De manière imprécise, on peut estimer que :
- de 1 à 3, un séisme est à peine ressenti par les personnes ;
- de 4 à 5, il est nettement ressenti mais cause peu de dégâts ;
- de 6 à 7, il est destructeur ;
- à 8, il est de plus ressenti sur une grande distance ;
- et à 9 ou au-delà, il est dévastateur, toutes les structures sont détruites sur une large superficie.

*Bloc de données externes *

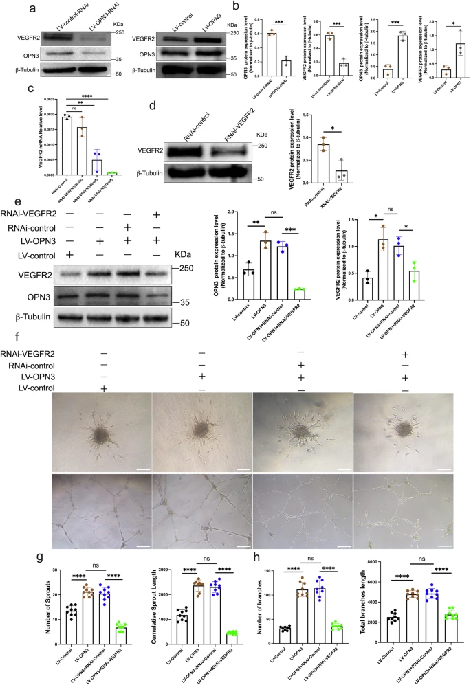 Fig. 4 OPN3-induced proangiogenic in HUVECs is mediated by promoting VEGFR2 expression.a, b Western blot analysis was used to detect the protein expression of OPN3 and VEGFR2 after lentiviral knockdown and overexpression of OPN3, using β-tubulin as a loading control for normalization in the WB analysis. Relative protein levels were quantified using ImageJ software (n = 3 independent experiments, with each experimental group consisting of 6 dishes, derived from 3 different donors, with each donor providing 2 dishes of cells). Statistical analysis was performed using an unpaired t-test: ns (not significant), *p < 0.05, ***p < 0.001. c SiRNA was used to silence VEGFR2 expression in HUVECs. The experiment was divided into a knockdown group (RNAi-VEGFR2) and a control group (RNAi-control). RT-qPCR was used to detect the mRNA expression levels of VEGFR2 under different siRNA concentrations (30 nM, 50 nM, 70 nM). The relative mRNA expression levels were calculated using the 2−ΔΔCt method, with GAPDH serving as the internal control (n = 3 independent experiments, with each experimental group consisting of 6 dishes, derived from 3 different donors, with each donor providing 2 dishes of cells). Statistical analysis was performed using an unpaired t-test: ns (not significant), **p < 0.01, ****p < 0.0001. d Western blot analysis was used to detect VEGFR2 protein expression under 50 nM siRNA treatment, using β-tubulin as a loading control for normalization in the WB analysis. Relative protein levels were quantified using ImageJ software (n = 3 independent experiments, with each experimental group consisting of 6 dishes, derived from 3 different donors, with each donor providing 2 dishes of cells). Statistical analysis was performed using an unpaired t-test: *p < 0.05. e Western blot analysis was used to detect OPN3 and VEGFR2 protein expression levels in different cell groups with overexpression of OPN3 or simultaneous overexpression of OPN3 and knockdown of VEGFR2, using β-tubulin as a loading control for normalization in the WB analysis. Relative protein levels were quantified using ImageJ software (n = 3 independent experiments, with each experimental group consisting of 6 dishes, derived from 3 different donors, with each donor providing 2 dishes of cells). Statistical analysis was performed using an unpaired t-test: ns (not significant), *p < 0.05, **p < 0.01, ***p < 0.001. f, h Cells from different experimental groups were seeded on Matrigel for 10 h to record and quantify tube formation. The number and length of branches were analyzed using ImageJ software to determine the extent of tube formation. f, g Spheroid sprouting experiments were conducted with cells from different experimental groups. The sprouts were recorded and quantified using optical microscopy, and the number and length of sprouts were analyzed using ImageJ software to evaluate the sprouting ability of HUVECs (n = 9 dishes of cultured HUVECs from 3 different donors, with each donor replicated three times). Statistical analysis was performed using an unpaired t-test: ns (not significant), ****p < 0.0001. The scale bar represents 100 μm. Data are presented as mean ± SEM.

C'est une échelle logarithmique de facteur 10. C'est-à-dire qu'un séisme de niveau 4 est 10 fois plus fort qu'un séisme de niveau 3, et qu'un séisme de niveau 5 est 100 fois plus fort qu'un séisme de niveau 3[5].
C'est une échelle ouverte : elle n'a théoriquement pas de limite supérieure, en pratique néanmoins le séisme le plus intense jamais mesuré — le séisme de 1960 à Valdivia au Chili — atteignait environ 9,5 sur l'échelle de Richter.
Limites et obsolescence

L'échelle de Richter a certes une définition mathématique, mais qui reste semi-empirique, dépendant ainsi des instruments de mesure, et n'est applicable que localement. De plus elle devient très imprécise pour les séismes de magnitude supérieure à 6. Elle est faite pour le type de séismes que Richter étudiait en Californie. Elle est remplacée depuis les années 1960 par d'autres échelles de magnitude, dont la magnitude de moment, qui mesurent le moment sismique, c'est-à-dire l'énergie totale libérée par un séisme. La magnitude de Richter est encore utilisée parfois et renommée magnitude locale (notée ML) alors que la magnitude de moment (Mw) est considérée comme étant une mesure globale[6].
Tombée en désuétude dans le monde scientifique, le terme d'échelle de Richter reste encore facilement employée par les médias ou dans la fiction, qui confondent ainsi les valeurs annoncées en magnitude de moment avec la magnitude de Richter.